Assumptions of the model are flexible i.e. problems like non-normal distribution, discontinuity in the database, and incomplete dataset could be handled by modifications.
Confirmatory factor analysis is done over exploratory factor analysis via SEM analysis. i.e. the focus of the analysis method is to validate the linkage between the variable instead of exploring which model is better suitable. Though, SEM analysis also helps in comparing the models and deriving the information about the better fit model but focuses on testing the reliability and validity of the model.
Results derived from the analysis are more reliable due to the inclusion of measurement error. As there is a large possibility of error while computing the value of a factor in social science, thus usage of the confirmatory factor analysis method in SEM analysis helps in including measurement error for each computed variable to reduce biases.
Simultaneously model could be studied even in the presence of multiple dependent variables. As a single linear or multiple regression analysis equations only provide the facility for testing the relationship of independent variables with only one dependent variable. The process needs to be repeated many times in case of more than one dependent variable and even in case of a large number of independent variables the analysis becomes complicated. SEM analysis overcomes these complexities of regression analysis and helps in running the models with a large number of dependent and independent variables at the same time.
SEM helps in testing the overall fitness of the model even in the presence of multiple relationships. As often the information about the accuracy and validity of the model is difficult to derive in the case of multiple linkages i.e. in the presence of various factors or mediating variables. Thus, SEM analysis by providing the values of absolute fitness, incremental fitness, and parsimonious fitness indexes helps in the verification of the model accuracy.
The simultaneous comparison could be done based on mean, variance, or regression coefficients i.e. as the SEM model enables the analysis of different models at the same time, this comparison between the results of different models could be easily done.

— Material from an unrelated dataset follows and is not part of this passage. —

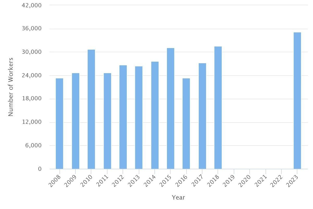 就业展望: 从2018年的31,600人增加到2023 年的35,200人,并为澳大利亚创造约17,000个新工作(每年约3,400个),92%为全职工作(高于平均的66%)。

Limitations of the SEM analysis

Despite being a powerful statistical analysis technique, there are certain disadvantages to the usage of SEM analysis. Issues raised in having an SEM analysis are listed below:

The focus of the model is on the prediction of the causal relationship between the variables i.e. derivation of the hypothesis testing result. The non-experimental data stating the correlation between the variables are converted into the model representing causal linkage.
Numerous modifications could be done in order to attain the appropriate value of index i.e. NNFI or chi-square.
Though the assumptions are flexible but still the technicality and complexity of the assumptions prohibit the first-generation usage of SEM analysis.

Software packages that support SEM analysis

Software packages under which SEM analysis could be performed are:

AMOS (commonly used)
LISREL (Traditional method)
EQS (used with a small sample)
Mplus (used in case sample is not enough)
R
Mx
SEPATH
CALIS

References

Malkanthie, A. (2015) ‘The Basic Concepts of Structural Equation Modeling’, Lap Lambert Academic Publishing, 1(January), p. 55. doi: 10.13140/RG.2.1.1960.4647.